My office chair keeps rising on its own, I'm kind of honestly worried that this fucker will violently claim my anal virginity one of these days, and at the same time it was expensive enough that I'd rather not just buy a new one . So of course I try googling how to fix it and instead I get a billion pages about chairs that sink by themselves instead and one relevant result from a chair of a very specific brand with a different mechanism than mine. And one result saying to replace the cylinder.
I truly despise how Google search works.

Cool tips that work with most searches but not Google:

Typing something in quotations is a good way to get that quote verbatim, "Null likes to eat rice". Google will still insist on doing a search of the most popular words in that phrase and likely give you a bunch of rice recipes.

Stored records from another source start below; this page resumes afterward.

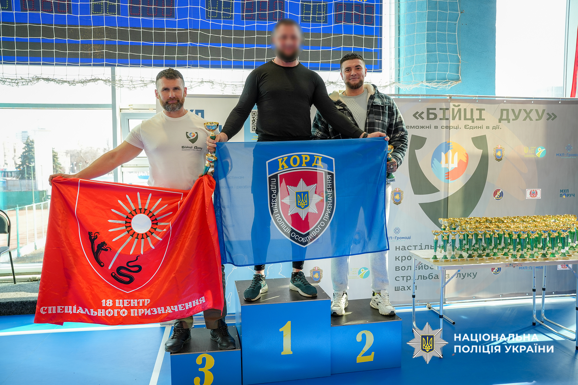 Перше місце серед чоловіків у категоріях 100 м, 100 секунд та 500 м здобув Владислав Борданов, поліцейський управління КОРД ГУНП в Черкаській області.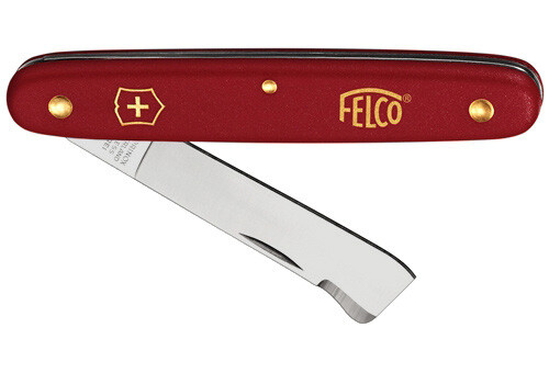 Nôž očkovací na ruže s rovným ostrím a úpravou na prizdvihnutie kôry. Je to kombinácia očkovacieho FELCO 3.9040 a vrúbĺovacieho FELCO 3.9050 ). Červená nylonová rukoväť so štandardnou vložkou. Oceľové ostrie 57 mm. Najpredávanejší.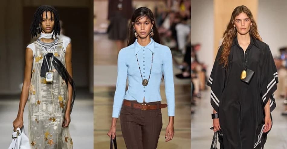 Tambien están los collares colgantes o estilo “pendiente grande”, aqui la joyería se inclina nuevamente hacia piezas que cuelgan, que se notan, que tienen presencia.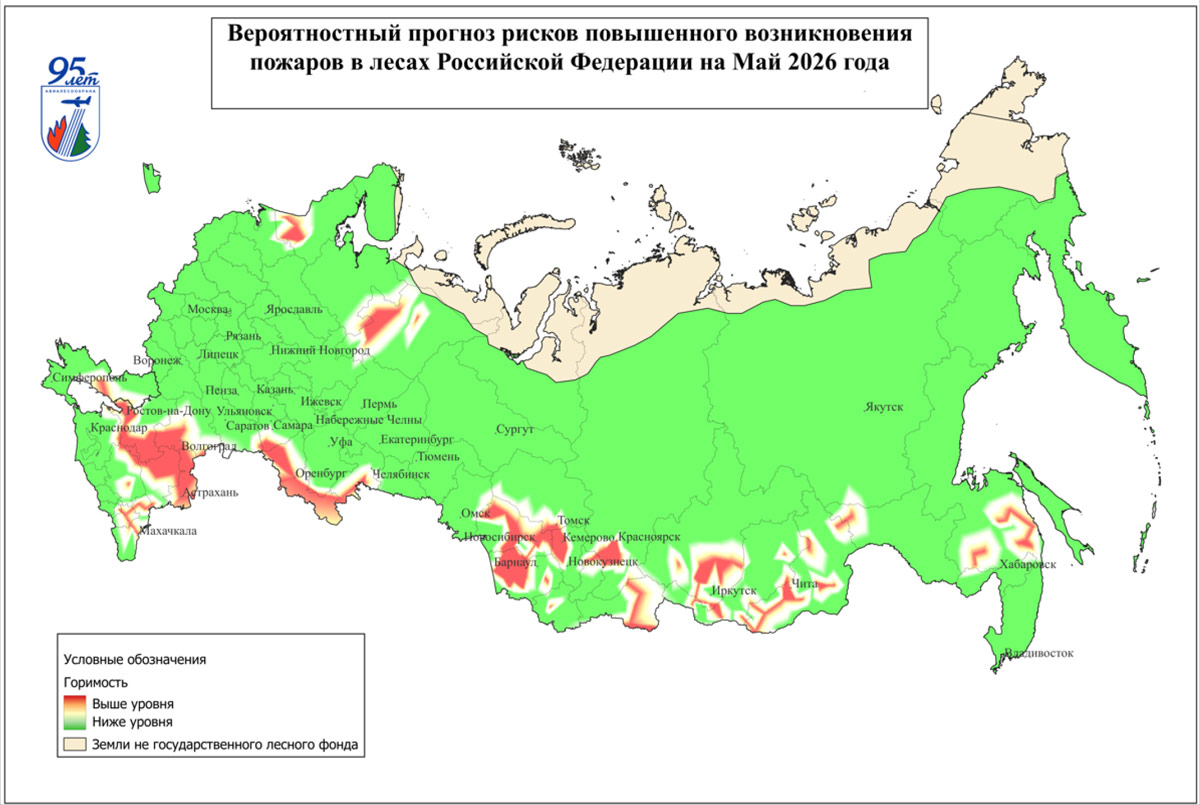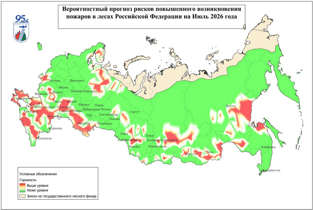 Прогноз повышенных пожарных рисков до октября 2026 года сформирован на основе данных Росгидромета. Он будет ежемесячно корректироваться.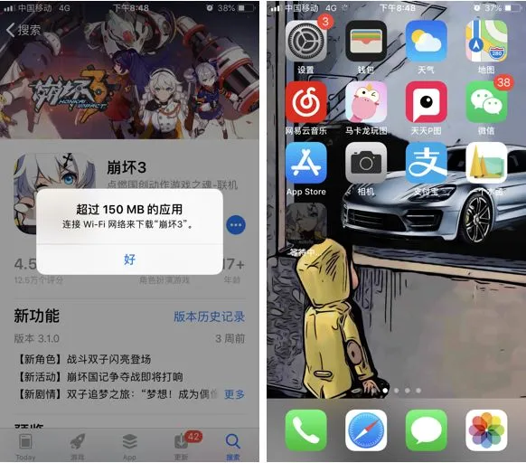 首先打开App Store搜索你需要下载的应用或者游戏,大于150MB的。我们这里搜索崩坏3。这款游戏有2.3GB,所以会有弹窗提示。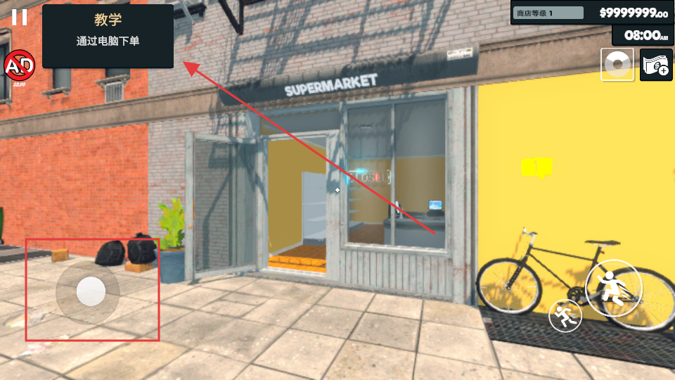 2、根据“通过电脑下单”的教学提示,利用左侧虚拟摇杆控制角色移动,进入超市内部找到电脑,准备进行商品采购操作。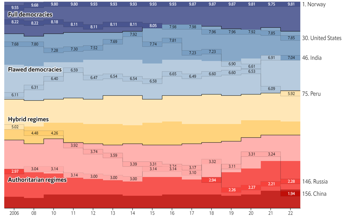Смотрел я на дивную карту и ловил себя на мысли. Где-то я её видел. Точно! Практически точно также разделились страны, которые в 2022 показали более менее живенькие экономические и социальные результаты, ну там инфляция со ставками не совсем на луну и вот это вот всё. Вот эти несвободные без плюрализма государственные образования оказались живенькими. Я уж думал, может вот сейчас, вот чуть ниже The Economist поднимет этот вопрос и расскажет, отчего так получается. Но нет. Главных вопросов у свободного мира два.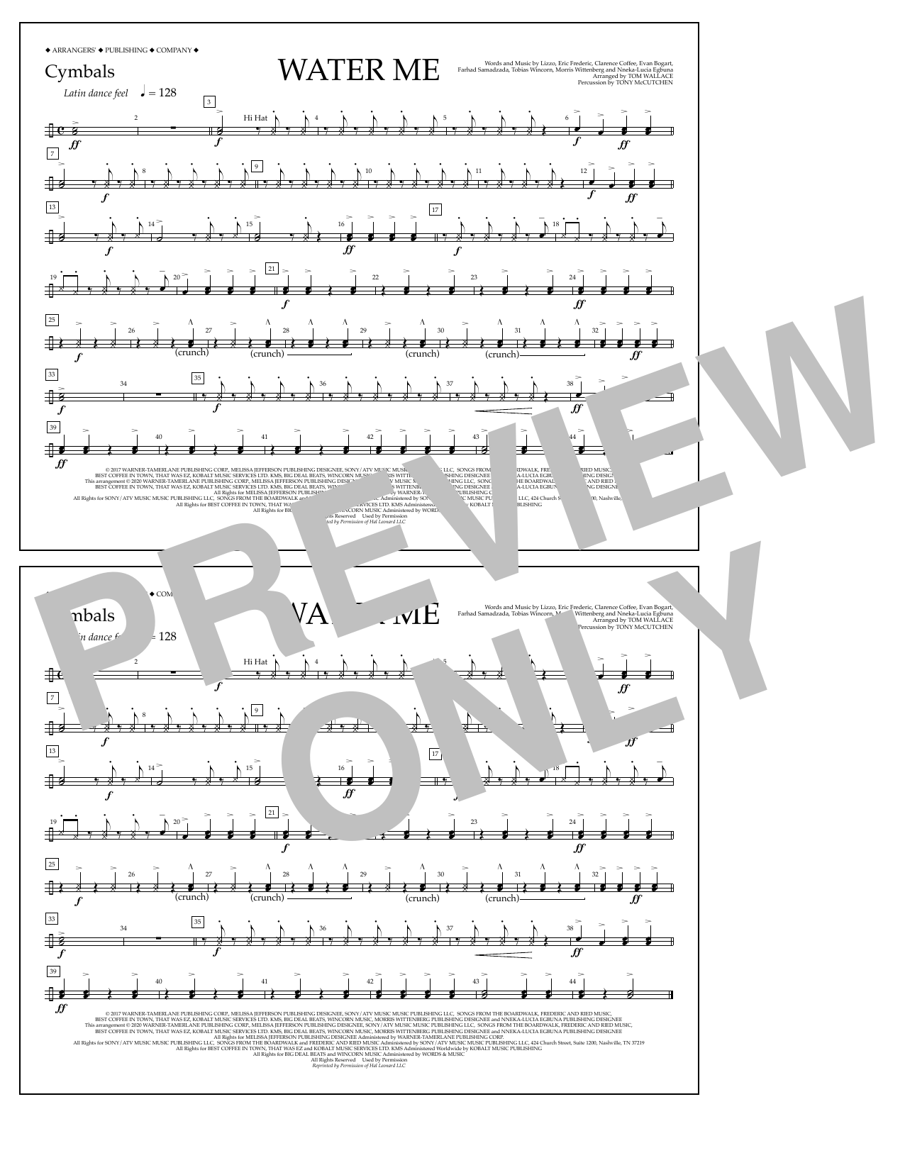 Download or print Lizzo Water Me (arr. Tom Wallace) - Cymbals sheet music, chords and digital score arranged for Marching Band. This Pop score includes 1 page(s).

You can do the same quotation trick but use two phrases. "Null likes to eat rice" AND "I love the state of Israel". Null likes to eat rice" NOT "I love the state of Israel". The first two is you search the two individual phrases together and find searches with both of them. The second is one phrase but excluding any results with the other. You can't do this with Google.

Searching with dates also seems to be broken with Google. Posts from a long ago will be recorded as recent post simply because that's when the crawler bot found them. Searching by date for anything old is effectively useless, and trying to find a recent results it's very difficult.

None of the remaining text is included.